- Developers: John Woods Paul Owens (Spectrum) David Selwood (C64) Richard Kay (BBC)
- Publisher: Ocean Software
- Platforms: ZX Spectrum, Oric-1, Oric Atmos, Commodore 64, BBC Micro
- Release: 1984
- Genre: Platform

= Mr. Wimpy (video game) =

1984 video game

Mr. Wimpy, subtitled The Hamburger Game, is a platform game released by Ocean Software in 1984 for the Oric-1, ZX Spectrum, BBC Micro, and Commodore 64. It was a promotional tie with the Wimpy restaurant chain, and the game includes the Wimpy logo, mascot, and theme tune. The gameplay is based on the 1982 Data East arcade video game BurgerTime.

==Gameplay==
Mr. Wimpy has to cross his kitchen while avoiding moving manholes to get to the larder so that he can collect ingredients and make his burgers. As an added hazard, a character called Waldo tries to steal these ingredients from him. After the opening level, the game becomes a BurgerTime clone where the player must guide Mr. Wimpy across the platforms while walking over four various burger ingredients, which in turn causes them to crash to the platform below and finally to the four plates at the bottom. Mr. Wimpy must also avoid various enemies. The player can spray pepper at the enemies, which temporarily freezes them for a few seconds. Enemies can also be trapped and squashed by walking over burger ingredients while they are on the level below.

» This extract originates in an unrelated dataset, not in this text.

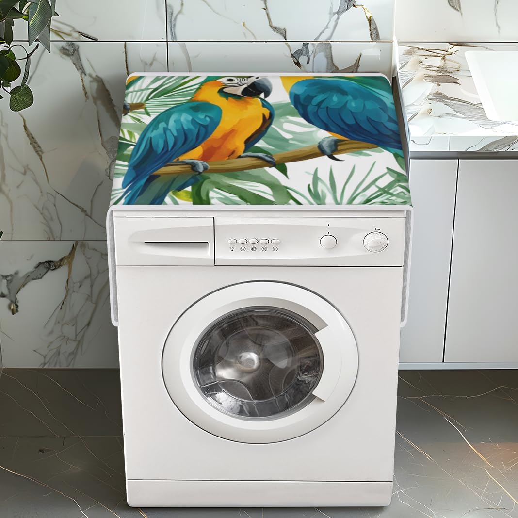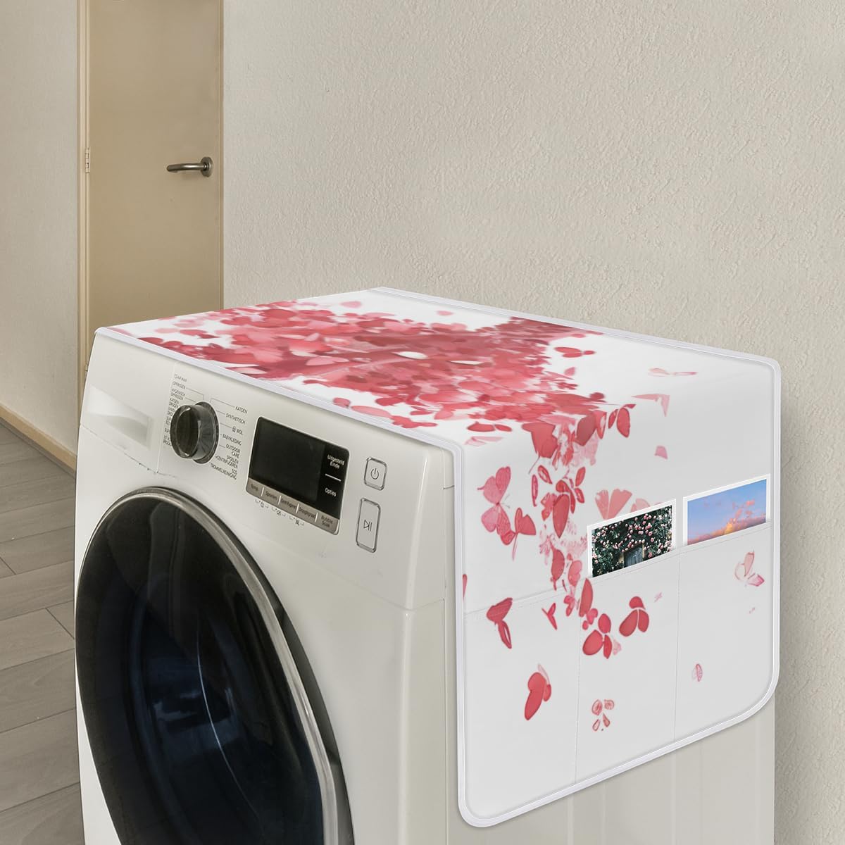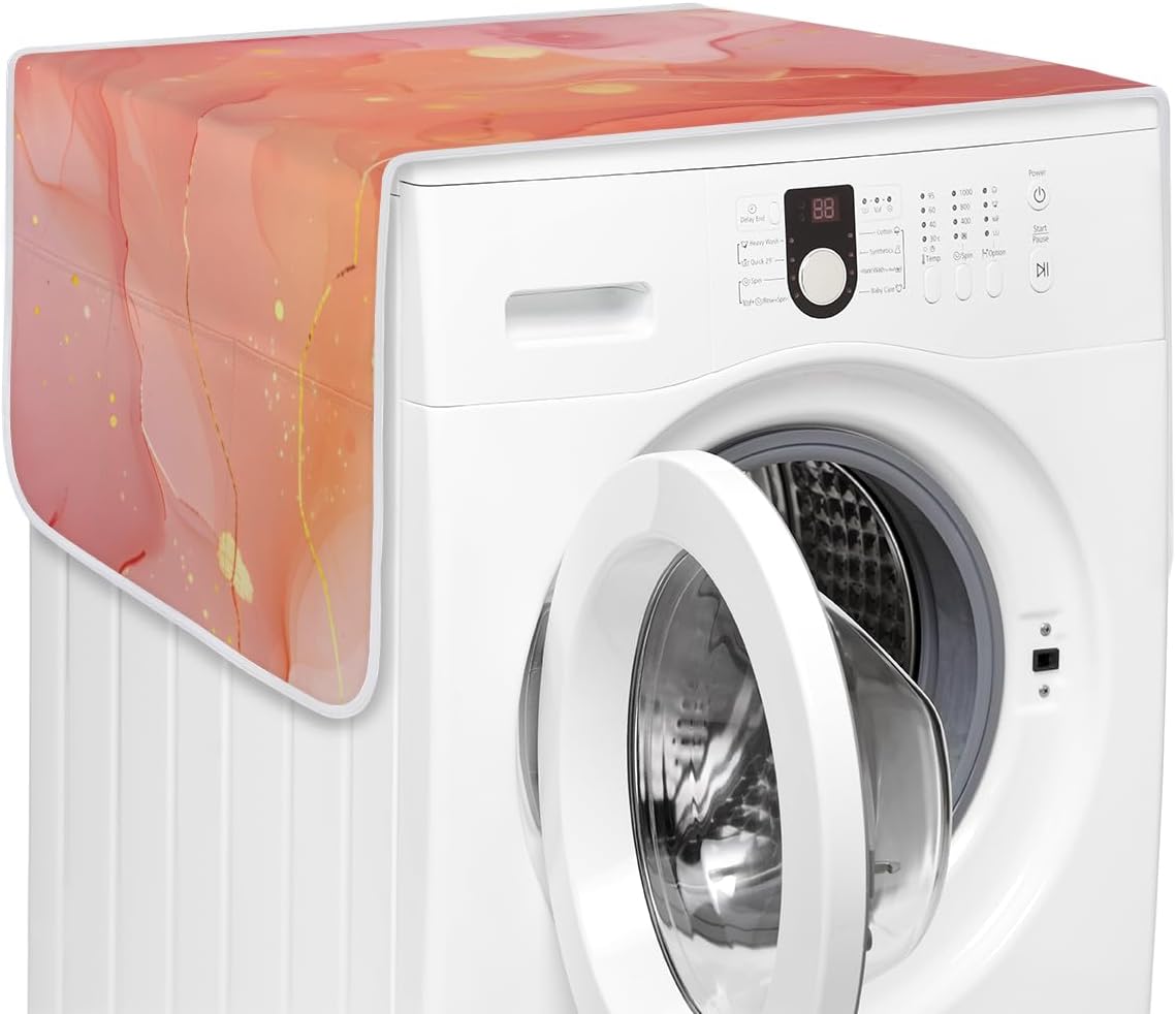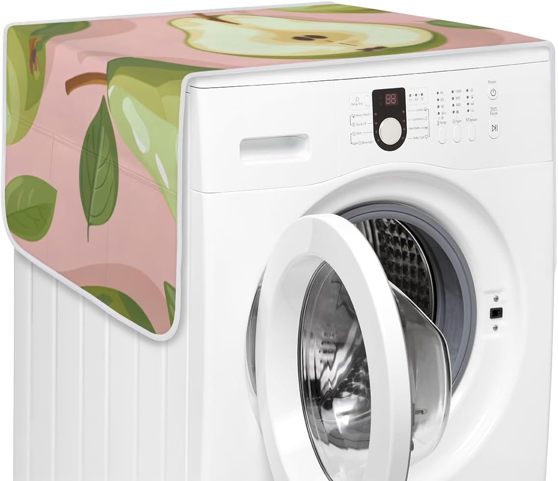 Description: Packing includes: 1 x Washer Dryer Dust Cover Product size: 30.9 * 18.5 inches. Features: Unique Design:The dust cover of the dryer has three side pockets on the left and three side pockets on the right.The edge is reinforced and sewn to make the refrigerator and washing machine top cover more strong,with a large capacity and convenient storage. Washing machine dust cover,made of waterproof polyester fiber and foldable,washable design,cover the refrigerator and washing dryer,decorate the home. Modern stylish style,pockets on each side,convenient for storing small items and saving space. Easy to clean:Machine or Hand Washable.Do not bleach. Multi-purpose:In addition to being used as a cover for washing machines and dryers,the multifunctional cover can also be used as a cover for fridge cover,microwave ovens cover,audio covers and other electrical appliances top cover.Easy to match any style of refrigerator and washing machine.

The platform portion of the game features the following enemies: Sid Sos (a walking sausage), Ogy Egg (a walking fried egg), Sam Spoon (a walking spoon), and Pam Pickle (a walking pickle). As the player progresses in the game, the number of enemies increases. Mr. Wimpy's only defences against the enemies are to trap them between the falling burger ingredients and to temporarily freeze them with pepper. Only a small supply of pepper (up to 4 bottles) can be carried at a time; when the player is low on pepper, more can be acquired by collecting a coffee cup or ice cream. Players are given four lives at the start of the game, any of which can be lost in the opening Larder level by falling down a moving pothole or by getting caught by an enemy in the platform portion of the game.

==Release==
A Mr. Wimpy Championship was held simultaneously in London and Manchester. It was won by fourteen-year-old Andrew Blackley.